### WORK TO COMPLETE
Each record needs to be transcribed word for word, though without its pictures.

(Collected data)
◆ ◆ ◆ ◆ ◆
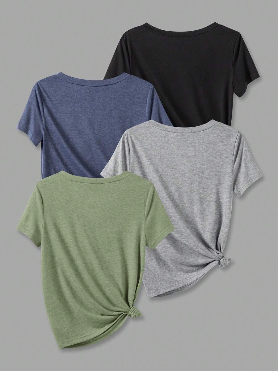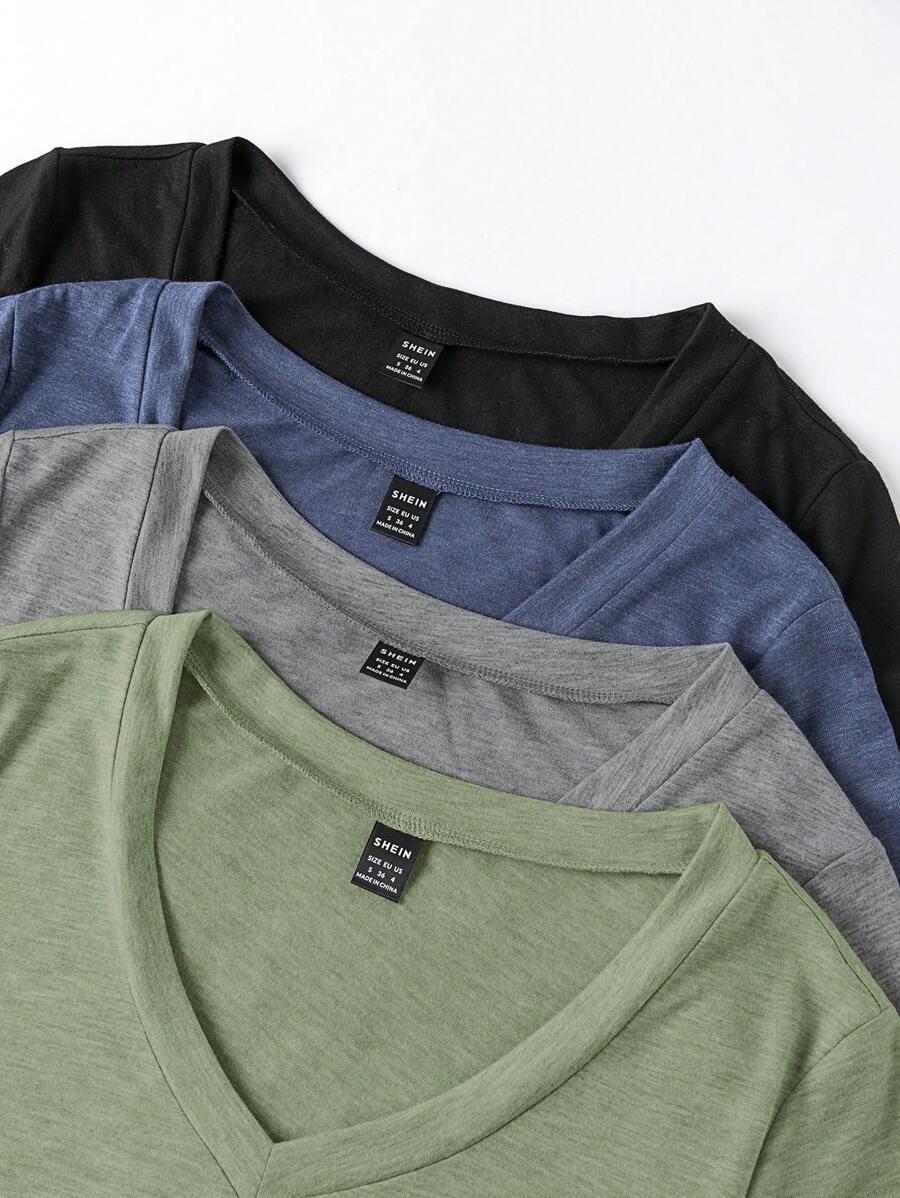 EMERY ROSE Solid Color V-Neck Casual T-Shirt
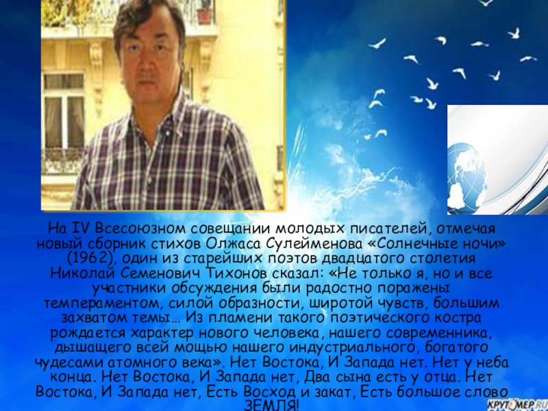Сулейменова «Солнечные ночи» (1962), один из старейших поэтов двадцатого столетия Николай Семенович Тихонов сказал: «Не только я, но и все участники обсуждения были радостно поражены темпераментом, силой образности, широтой чувств, большим захватом темы… Из пламени такого поэтического костра рождается характер нового человека, нашего современника, дышащего всей мощью нашего индустриального, богатого чудесами атомного века». Нет Востока, И Запада нет. Нет у неба конца. Нет Востока, И Запада нет, Два сына есть у отца. Нет Востока, И Запада нет, Есть Восход и закат, Есть большое слово ЗЕМЛЯ!
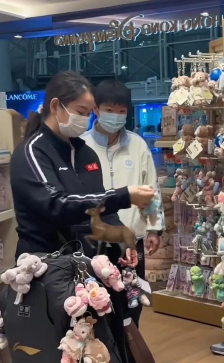 莎莎和佳佳昨天在机场逛玩偶商店[大笑],不知道的还以为她俩来搞批发的。别看现场一个比一个霸气,私下他俩就是可爱的小姑娘。女孩子对玩偶饰品的喜欢是刻到骨子里的。佳佳看上再让莎莎帮选一个,莎莎指定选蓝色的。希望莎莎奥运会拿了单打冠军,好好做一个可爱的乖萌萌。好好享受生活。
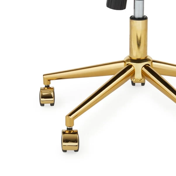 Finished in a soft touch velvet fabric in a selection of gorgeous colourways, the Kendall office chair features a foam filled seat and curved backrest to provide maximum comfort. Inspired by traditional art deco designs, this elegant chair is crafted with a pleated, curved shell back and a gold finished metal base to add a contemporary touch. As practical as it is stylish, this office chair comes complete with a height adjustable gas lift mechanism, and a lockable tilt feature with weight tension control on a wheeled swivel base.
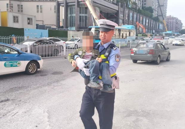近日,贵阳市经开区交警在转盘执勤时,发现一名儿童从路口窜出,横跨几个车道后逆向在快车道内奔跑,并不停四处张望。此时正值早高峰,机动车道内车辆来来往往纷纷避让,情况十分危险。民警立即奔跑上前,将孩子抱起走向安全路段。
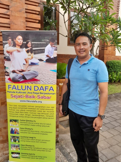 Hình 5. Anh Gede Bayu cho biết anh cảm thấy khỏe hơn nhiều sau khi luyện các bài công pháp của Pháp Luân Đại Pháp.
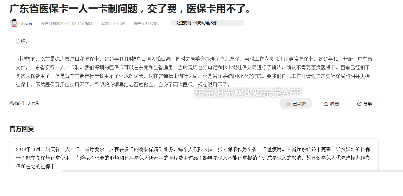 小孩5岁,以前是深圳市户口和医保卡,2020年1月初把户口调入松山湖,同时去管委会办理了少儿医保,当时工作人员强调说不用更换医保卡,2019年11月开始,广东省文件,广东省实行一人一卡制。我们深圳的医保卡可以在东莞和全省通用。当时现场也打电话和社保局进行了确认,确认不需要更换医保卡。目前已经扣了两次医保费用了,但是现在去绑定社康说用不了外地医保卡,现在咨询松山湖社保局,说是省厅系统联网还没完成。要我们自己工作日请假去东莞社保局照相并更换社保卡,不然医保费用白交用不了。希望政府相关部门能帮忙解决处理,并退回已扣的费用。 附件是多次投诉,政府不作为的回复截图。
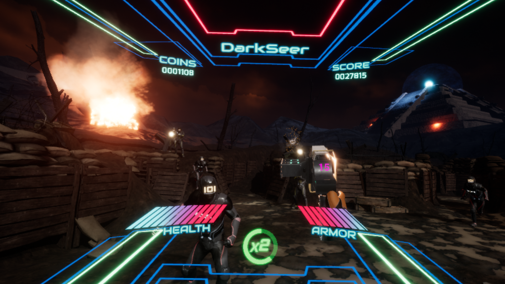 Help to save the OASIS by defeating waves of IOI Sixers. Advance through the trenches of Planet Doom towards the snowy planes that surround Anorak’s Castle. With an arsenal only possible in the OASIS, you must stop IOI from gaining control.
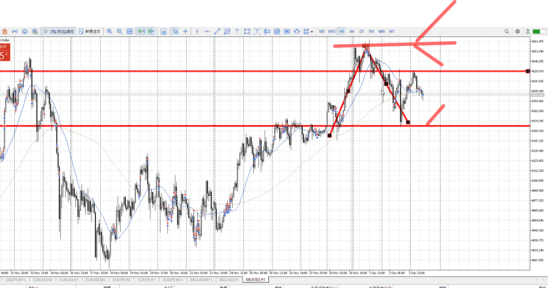 1hがそろそろ上向きそう。そうなったら手出しは難しい。
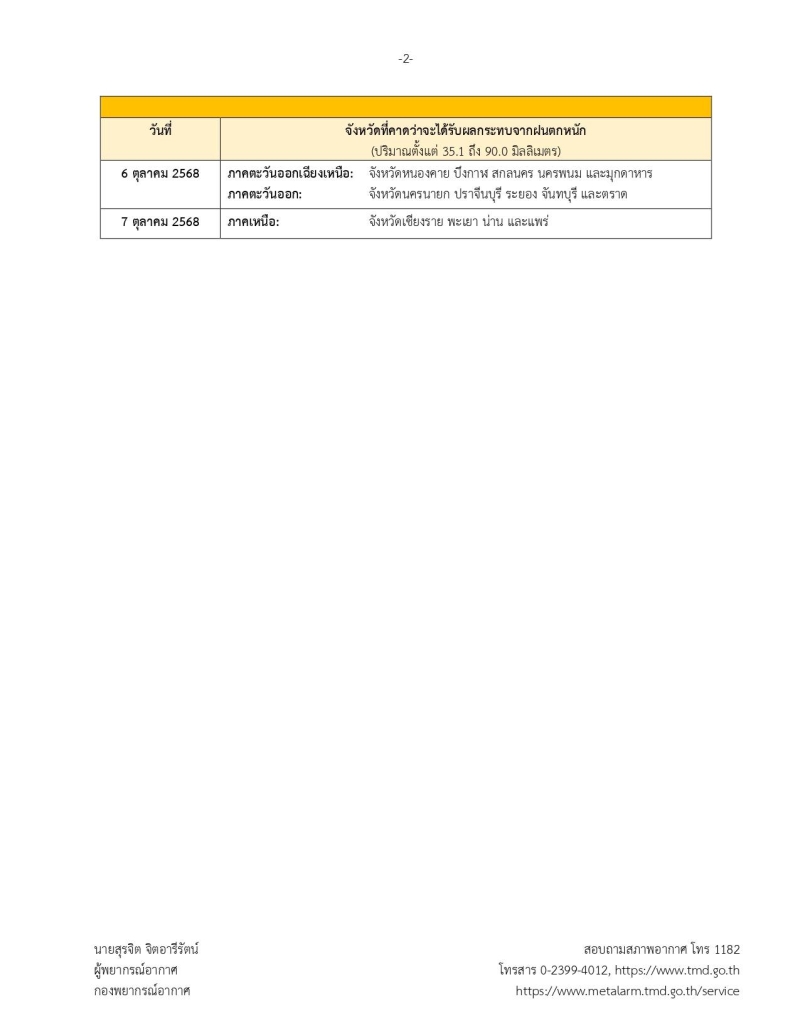 อย่างไรก็ตามขอให้ประชาชนติดตามประกาศจากกรมอตุนิยมวิทยาอย่างใกล้ชิด และสามารถติดตามข้อมูลที่เว็บไซต์ กรมอุตุนิยมวิทยาหรือโทร 0-2399-4012-13 และ 1182 ได้ตลอด 24 ชั่วโมง ประกาศ ณ วันที่ 6 ตุลาคม พ.ศ. 2568 เวลา 05.00 น. กรมอุตุนิยมวิทยาจะออกประกาศฉบับต่อไปในวันที่ 6 ตุลาคม พ.ศ. 2568 เวลา 11.00 น.
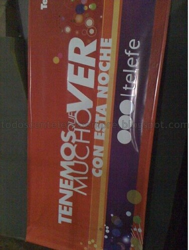Por lo que se ve en los afiches de fondo de las fotos del post anterior, van a usar mucho el naranja y el violeta en la grafica; e incluso ya estan emitiendo el institucional UUUUUUUH TELEFE en las repetidoras (Que ni se esmeraron en sacarle el Telefe a la cancion), como aca en Canal 8 Tucuman:
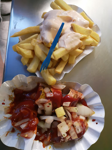 Auf Grund der vielen positiven Bewertungen, wollten wir hier nun auch mal etwas probieren. Geschmäcker sind verschieden, aber unserer ist das auf keinen Fall. Die Pommes hatten einen ekelhaften Geschmack, ich würde es gerne anders beschreiben weil das so gemein ist, aber genau so war es. Für meinen Geschmack hätten sie auch länger frittieren können, waren noch recht roh/fest. Der Mayo ist etwas beigemischt damit sie rosa ist. Auch nicht lecker und von der Konsistenz zu flüssig. Die Wurst und Boulette unterer Durchschnitt, ziemlich fest und ohne viel Geschmack. Der Ketchup hatte einen merkwürdigen Nachgeschmack, ein bisschen wie Weihnachten. Das Brötchen war Stein hart, weil zu lang auf dem Grill. Alles in allem, waren nur die scharfen Zwiebeln gut, wenn auch viel zu groß geschnitten. Das ist nichts, wir...
◆ ◆ ◆ ◆ ◆
### TASK ANSWER
 EMERY ROSE Solid Color V-Neck Casual T-Shirt
Сулейменова «Солнечные ночи» (1962), один из старейших поэтов двадцатого столетия Николай Семенович Тихонов сказал: «Не только я, но и все участники обсуждения были радостно поражены темпераментом, силой образности, широтой чувств, большим захватом темы… Из пламени такого поэтического костра рождается характер нового человека, нашего современника, дышащего всей мощью нашего индустриального, богатого чудесами атомного века». Нет Востока, И Запада нет. Нет у неба конца. Нет Востока, И Запада нет, Два сына есть у отца. Нет Востока, И Запада нет, Есть Восход и закат, Есть большое слово ЗЕМЛЯ!
 莎莎和佳佳昨天在机场逛玩偶商店[大笑],不知道的还以为她俩来搞批发的。别看现场一个比一个霸气,私下他俩就是可爱的小姑娘。女孩子对玩偶饰品的喜欢是刻到骨子里的。佳佳看上再让莎莎帮选一个,莎莎指定选蓝色的。希望莎莎奥运会拿了单打冠军,好好做一个可爱的乖萌萌。好好享受生活。
 Finished in a soft touch velvet fabric in a selection of gorgeous colourways, the Kendall office chair features a foam filled seat and curved backrest to provide maximum comfort. Inspired by traditional art deco designs, this elegant chair is crafted with a pleated, curved shell back and a gold finished metal base to add a contemporary touch. As practical as it is stylish, this office chair comes complete with a height adjustable gas lift mechanism, and a lockable tilt feature with weight tension control on a wheeled swivel base.
近日,贵阳市经开区交警在转盘执勤时,发现一名儿童从路口窜出,横跨几个车道后逆向在快车道内奔跑,并不停四处张望。此时正值早高峰,机动车道内车辆来来往往纷纷避让,情况十分危险。民警立即奔跑上前,将孩子抱起走向安全路段。
 Hình 5. Anh Gede Bayu cho biết anh cảm thấy khỏe hơn nhiều sau khi luyện các bài công pháp của Pháp Luân Đại Pháp.
 小孩5岁,以前是深圳市户口和医保卡,2020年1月初把户口调入松山湖,同时去管委会办理了少儿医保,当时工作人员强调说不用更换医保卡,2019年11月开始,广东省文件,广东省实行一人一卡制。我们深圳的医保卡可以在东莞和全省通用。当时现场也打电话和社保局进行了确认,确认不需要更换医保卡。目前已经扣了两次医保费用了,但是现在去绑定社康说用不了外地医保卡,现在咨询松山湖社保局,说是省厅系统联网还没完成。要我们自己工作日请假去东莞社保局照相并更换社保卡,不然医保费用白交用不了。希望政府相关部门能帮忙解决处理,并退回已扣的费用。 附件是多次投诉,政府不作为的回复截图。
 Help to save the OASIS by defeating waves of IOI Sixers. Advance through the trenches of Planet Doom towards the snowy planes that surround Anorak’s Castle. With an arsenal only possible in the OASIS, you must stop IOI from gaining control.
 1hがそろそろ上向きそう。そうなったら手出しは難しい。
 อย่างไรก็ตามขอให้ประชาชนติดตามประกาศจากกรมอตุนิยมวิทยาอย่างใกล้ชิด และสามารถติดตามข้อมูลที่เว็บไซต์ กรมอุตุนิยมวิทยาหรือโทร 0-2399-4012-13 และ 1182 ได้ตลอด 24 ชั่วโมง ประกาศ ณ วันที่ 6 ตุลาคม พ.ศ. 2568 เวลา 05.00 น. กรมอุตุนิยมวิทยาจะออกประกาศฉบับต่อไปในวันที่ 6 ตุลาคม พ.ศ. 2568 เวลา 11.00 น.
Por lo que se ve en los afiches de fondo de las fotos del post anterior, van a usar mucho el naranja y el violeta en la grafica; e incluso ya estan emitiendo el institucional UUUUUUUH TELEFE en las repetidoras (Que ni se esmeraron en sacarle el Telefe a la cancion), como aca en Canal 8 Tucuman:
 Auf Grund der vielen positiven Bewertungen, wollten wir hier nun auch mal etwas probieren. Geschmäcker sind verschieden, aber unserer ist das auf keinen Fall. Die Pommes hatten einen ekelhaften Geschmack, ich würde es gerne anders beschreiben weil das so gemein ist, aber genau so war es. Für meinen Geschmack hätten sie auch länger frittieren können, waren noch recht roh/fest. Der Mayo ist etwas beigemischt damit sie rosa ist. Auch nicht lecker und von der Konsistenz zu flüssig. Die Wurst und Boulette unterer Durchschnitt, ziemlich fest und ohne viel Geschmack. Der Ketchup hatte einen merkwürdigen Nachgeschmack, ein bisschen wie Weihnachten. Das Brötchen war Stein hart, weil zu lang auf dem Grill. Alles in allem, waren nur die scharfen Zwiebeln gut, wenn auch viel zu groß geschnitten. Das ist nichts, wir...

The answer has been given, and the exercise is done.